University colleagues like Michael Blaney (ACE, UCC); Claire Dorrity (Applied Social Studies, UCC); Mike FitzGibbon (Food Business and Development, UCC); Dr. Eileen Hogan (Applied Social Studies, UCC); and Dr. Jacqueline O’Riordan (Applied Social Studies, UCC) have campaigned for the end to DP since its inception. They have also worked to bring some form of enjoyment and distraction to these peoples lives through Christmas and Easter events, food events and day trips. The UCC Student Union offers places on its Summer Camps to children in DP while the UCC Amnesty International Society has donated to and funded events and projects for the DP community. It was the generosity of our University community that allowed the Once Upon a Place project to happen here at the Glucksman and it’s their continued generosity that will help us to bring small rays of happiness and positivity into these children’s lives in our future initiatives.

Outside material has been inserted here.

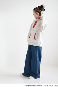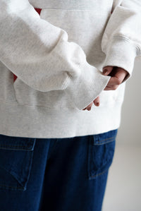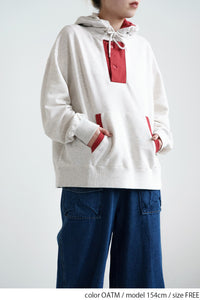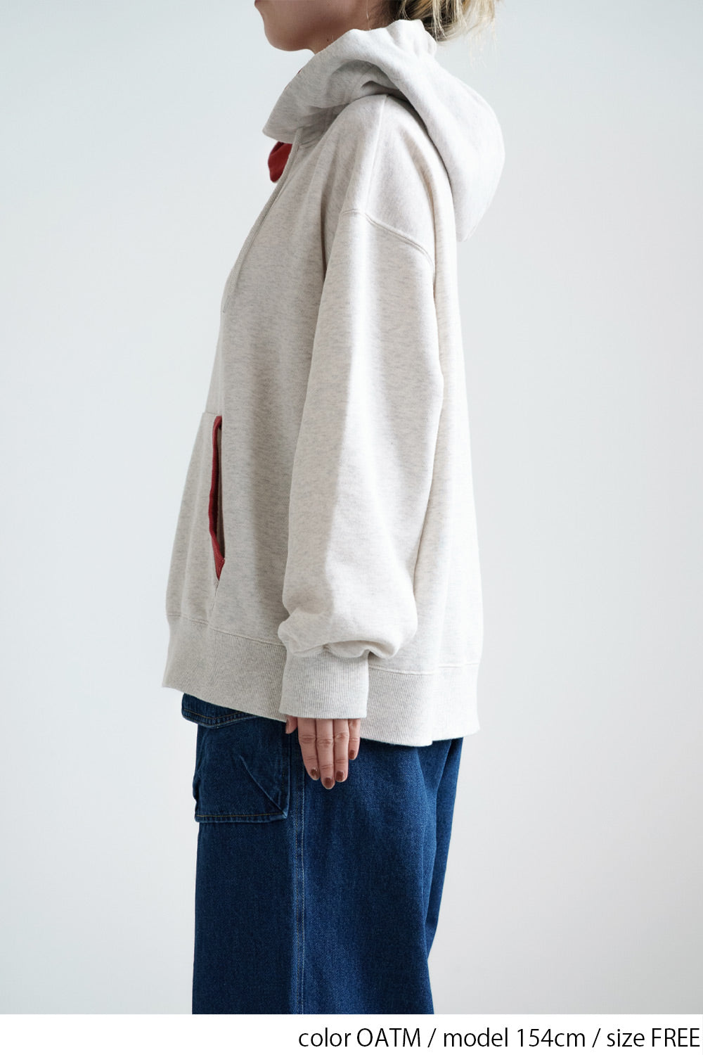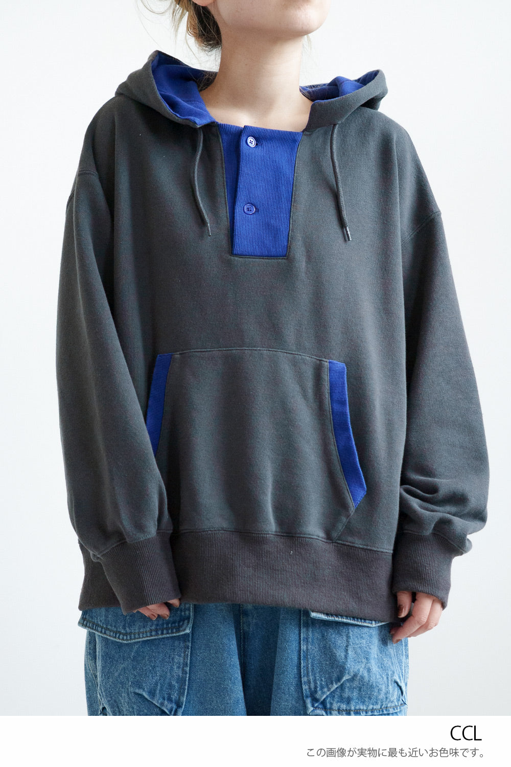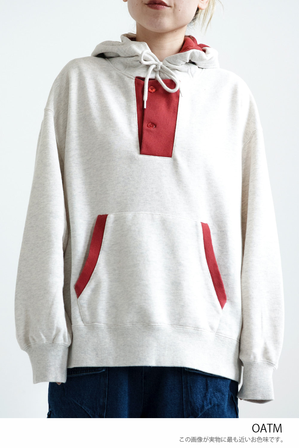 首元とポケットリブに効かせた差し色が、シンプルなパーカースタイリングにさりげない個性をプラス。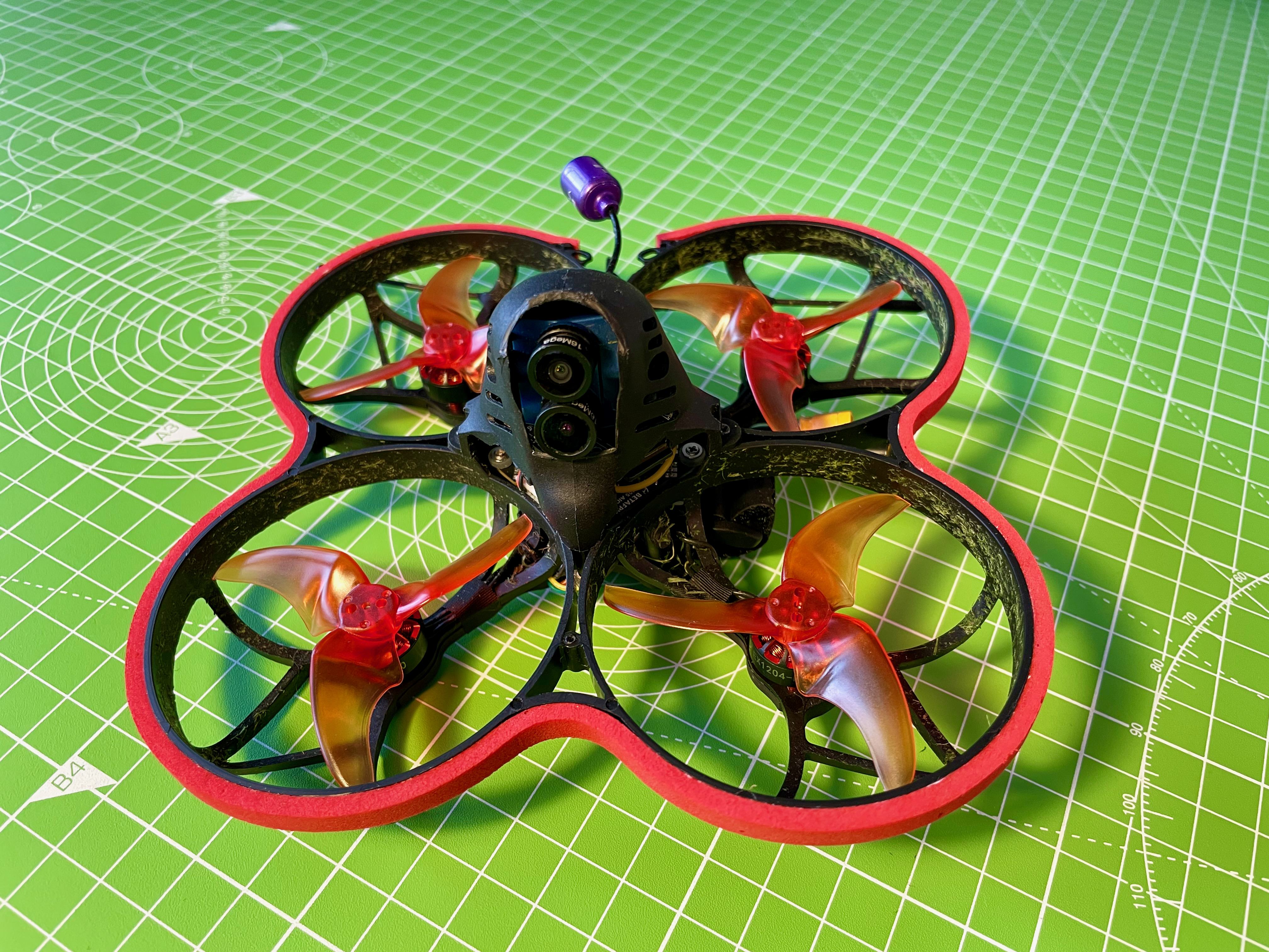 Well I finally plucked up the courage this afternoon and took “Covid-19x” out for a crash or three… First flight didn’t go well - it took 10-15mins looking for it, as spotter wasn’t paying attention. Then realised one of the receiver antenna on a zip tie was chopped down a bit. I need stronger less bendy zip ties. The second flight was better but I think I knocked Acro mode on (I had when I took googles off and looked) as it started spinning wildly, until I hit the kill switch. The result was a battered li-po. Do you guys use battery protection of some form or other as this could get expensive? The subsequent flights were slightly better - still crashed it every time though. I kept finding I would be moving my head to where the sound was coming from rather than focus on the google image. It going to take a little bit of getting use to. Blimey its quick though. No more than just under half throttle for me. I tried air mode a couple of times, but wasn’t convinced when I heard the motors suddenly start screaming, each time resulting in a crash. I called it a day when I finally broke a prop. All in all it wasn’t as bad a session as I was envisaging. Lots of lessons learnt. I need to find somewhere better to fly.

The success of the Once Upon a Place project created a demand amongst older children in the DP centres to be given an opportunity to get involved with extra curricular activities. Our upcoming project Navigating the Urban Landscape is supported by the Arts Council through its Young Ensembles Scheme. The project invites teenagers from the four DP centres in Cork to come to the Glucksman over six Saturdays and working with artists Roseanne Lynch, Cassandra Eustace and Dervla Baker to create artworks that respond to their city. Working with photography, drawing and film the teenagers will explore the university campus and beyond, plotting and mapping routes and creatively documenting their interactions and experiences. The project will culminate with a public exhibition of the created artworks at the Glucksman in December.
Tadhg Crowley is the Curator of Education at the Glucksman.